Problem statement => Please set down only the lines below starting with the line with "Un delfino nuota" and going on through the line with "Der Edle kommt", verbatim and without pictures.

Data excerpts =>

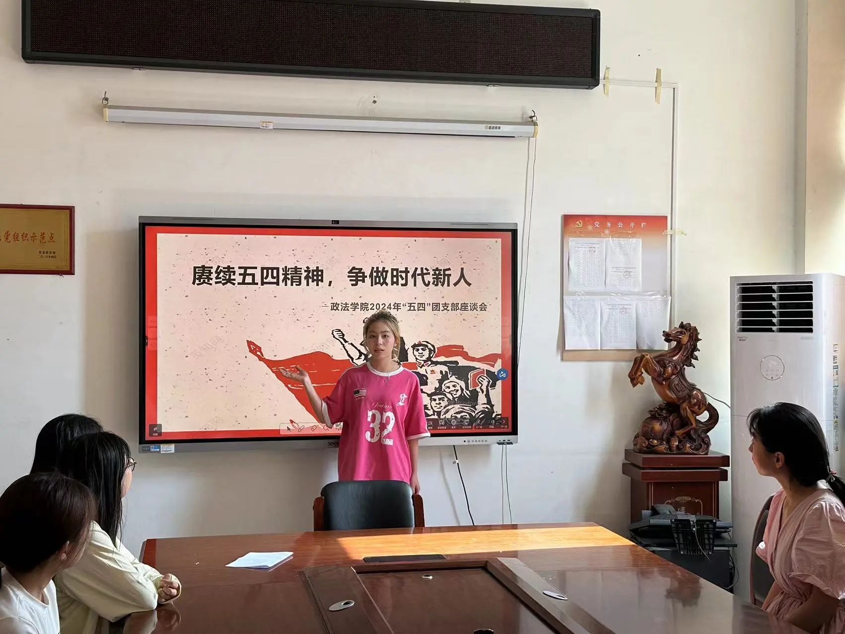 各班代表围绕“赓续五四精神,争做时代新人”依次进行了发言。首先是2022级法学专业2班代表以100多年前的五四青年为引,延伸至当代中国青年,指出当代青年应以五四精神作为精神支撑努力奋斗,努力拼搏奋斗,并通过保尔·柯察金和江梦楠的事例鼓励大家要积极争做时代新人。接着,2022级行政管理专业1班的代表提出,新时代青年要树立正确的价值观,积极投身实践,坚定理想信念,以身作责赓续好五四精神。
...
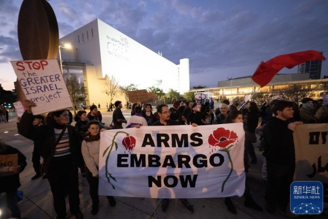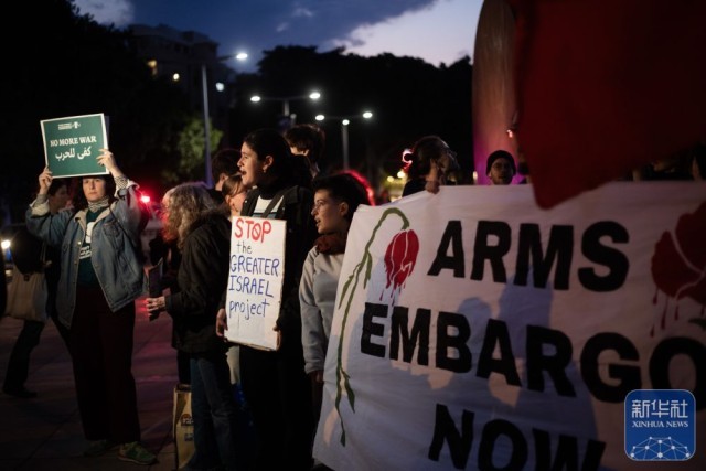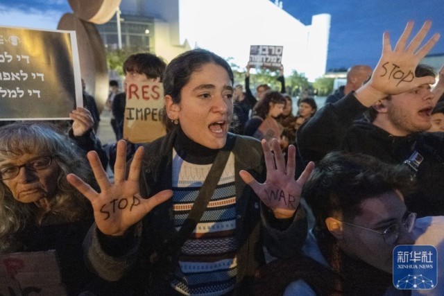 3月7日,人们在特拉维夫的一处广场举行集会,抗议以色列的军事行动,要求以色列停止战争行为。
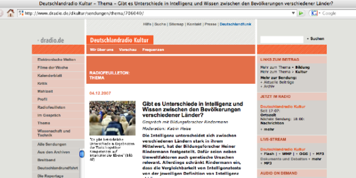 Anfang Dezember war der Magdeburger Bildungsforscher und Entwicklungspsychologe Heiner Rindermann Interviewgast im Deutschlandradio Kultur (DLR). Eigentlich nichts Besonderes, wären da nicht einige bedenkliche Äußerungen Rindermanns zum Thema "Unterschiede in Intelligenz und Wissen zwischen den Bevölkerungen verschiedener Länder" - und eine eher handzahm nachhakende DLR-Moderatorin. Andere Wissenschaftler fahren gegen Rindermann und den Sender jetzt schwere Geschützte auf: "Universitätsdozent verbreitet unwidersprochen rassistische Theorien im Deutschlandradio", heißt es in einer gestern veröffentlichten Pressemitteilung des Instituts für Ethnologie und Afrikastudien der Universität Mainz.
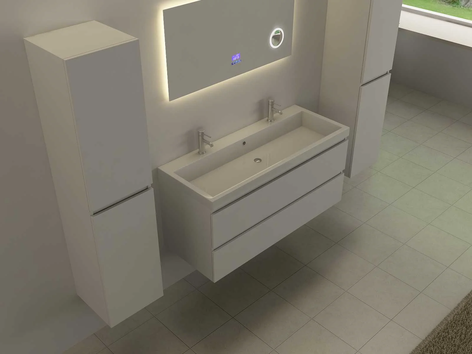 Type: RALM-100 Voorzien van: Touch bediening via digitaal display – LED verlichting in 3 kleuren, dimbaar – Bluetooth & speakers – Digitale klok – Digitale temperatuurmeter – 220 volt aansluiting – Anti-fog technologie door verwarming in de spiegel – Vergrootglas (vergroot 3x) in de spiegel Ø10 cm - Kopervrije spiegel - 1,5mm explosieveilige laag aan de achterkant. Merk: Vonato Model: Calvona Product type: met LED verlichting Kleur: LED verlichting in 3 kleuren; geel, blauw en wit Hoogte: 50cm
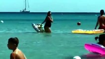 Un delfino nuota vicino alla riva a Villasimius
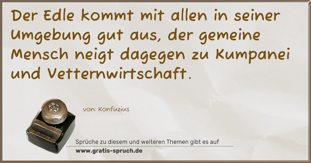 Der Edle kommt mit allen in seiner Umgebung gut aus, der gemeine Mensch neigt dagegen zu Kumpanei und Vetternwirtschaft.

Task answer =>
 Un delfino nuota vicino alla riva a Villasimius
 Der Edle kommt mit allen in seiner Umgebung gut aus, der gemeine Mensch neigt dagegen zu Kumpanei und Vetternwirtschaft.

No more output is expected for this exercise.